Attributions of eeriness have been elicited in empirical studies by a mismatch in the human photorealism of a character's visual elements, such as eyes and face; other treatments include pairing a realistic human skin texture with atypical face height, eye separation, and eye size (MacDorman et al 2009a; Seyama and Nagayama 2007). Although Tinwell et al (2010) have found a visual–auditory mismatch correlates with uncanniness, no experiment has yet been conducted that manipulates facial and vocal human realism as independent variables. This experiment is intended to fill that gap.
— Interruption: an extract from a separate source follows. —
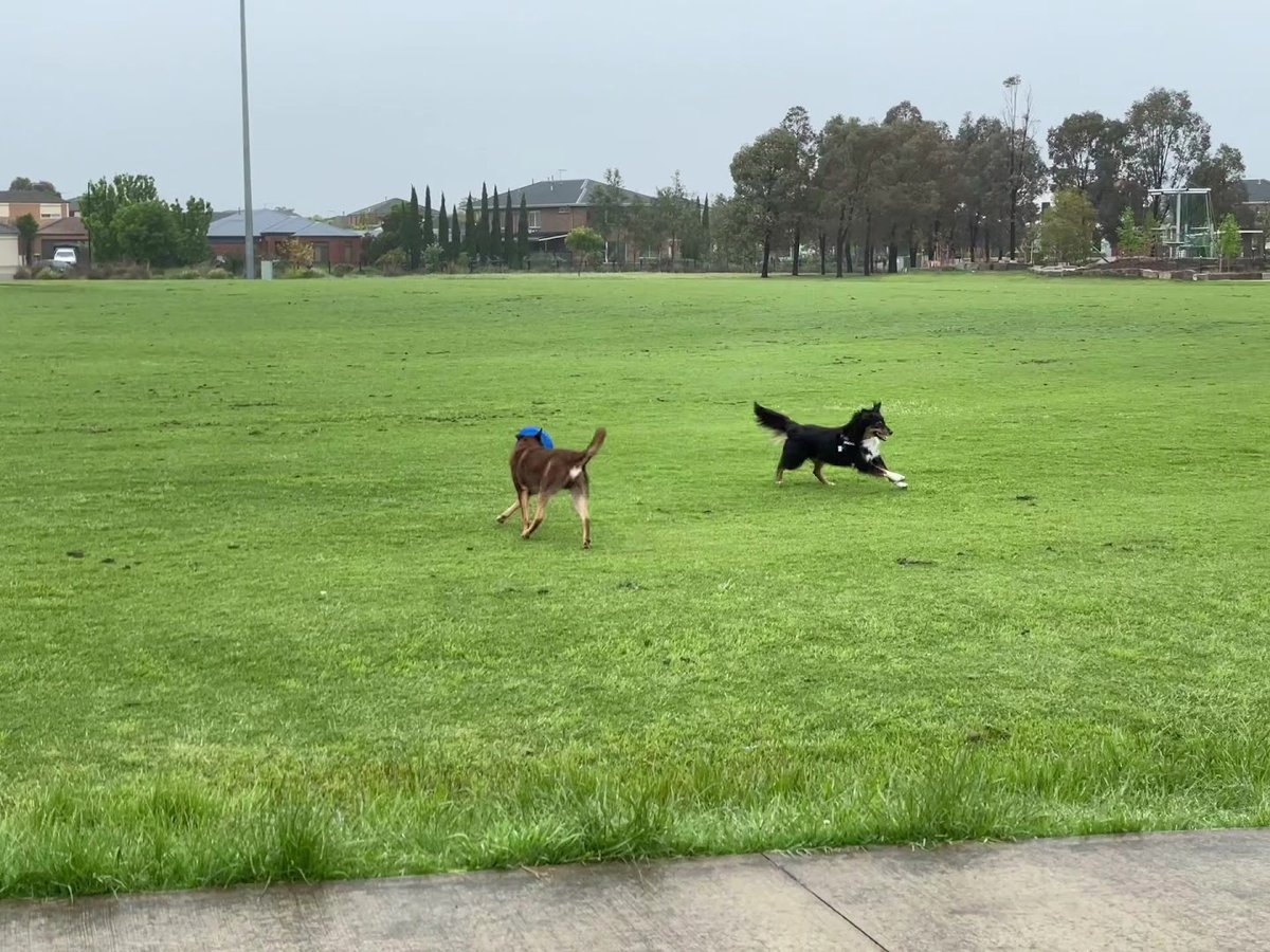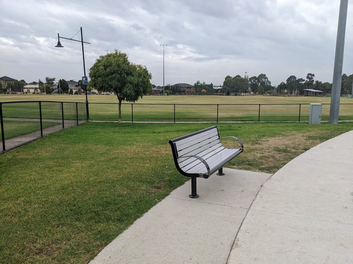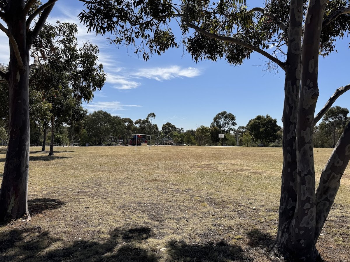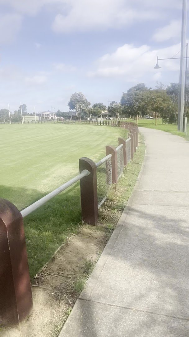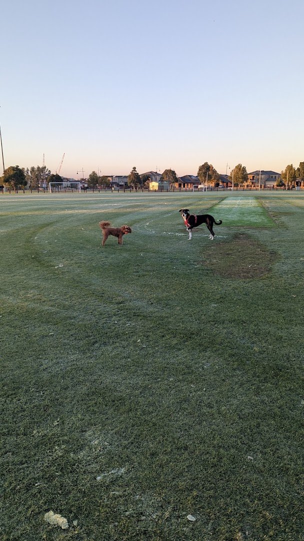 Balmoral Park Fenced Dog Park offers a spacious and versatile environment for canine exercise in a suburban setting. The facility features a dedicated fenced-off area constructed with secure black chain-link fencing, ensuring a safe space for dogs to play off-leash. Inside and adjacent to this area, visitors will find well-maintained concrete walking paths and several modern metal benches for rest. Beyond the specific dog enclosure, the park expands into vast open grassy fields that serve as multi-purpose sports ovals, featuring soccer goals and cricket pitches, where dogs are also seen running freely. The ground surface is predominantly natural grass, ranging from vibrant green to drier patches. While the interior of the dog park is mostly open, mature eucalyptus and other trees lining the perimeter provide pockets of natural shade. Tall floodlights are positioned around the fields, indicating the park is accessible during low-light hours. The broader park area also includes a children's playground and basketball facilities, making it a community hub. The overall atmosphere is peaceful and open, bordered by residential neighborhoods, providing plenty of room for high-energy dogs to roam and socialize.

The following prediction (the hypothesis) is made by the theory that a cross-modal mismatch in human realism causes uncertainty about whether an entity is animate or inanimate, thereby eliciting feelings of eeriness: a robot with a human voice, or a human being with a synthetic voice, will be perceived as eerier than a robot with a synthetic voice or a human being with a human voice.
Forty-eight US-born participants (28 female, 20 male) were recruited in April 2010 from a sample of undergraduate students from a nine-campus Midwestern university. Their mean age was 21.2 (SD = 3.7). There were no significant differences in the experimental results by age or gender.
In this within-group experiment, each participant viewed, in random sequence, four 14 s videos of a character reciting neutral phrases. Each video corresponded to either matched (robot figure–synthetic voice, human figure–human voice) or mismatched stimulus conditions (robot figure–human voice, human figure–synthetic voice). Each video played in a loop until the participant completed validated indices on the character's humanness, eeriness, and interpersonal warmth (Ho and MacDorman 2010). Each index averaged the results of five-to-eight 7-point semantic differential scales, ranging from −3 to +3. The order of video presentation and the scales was randomized to prevent order effects. Data analysis was performed in SPSS.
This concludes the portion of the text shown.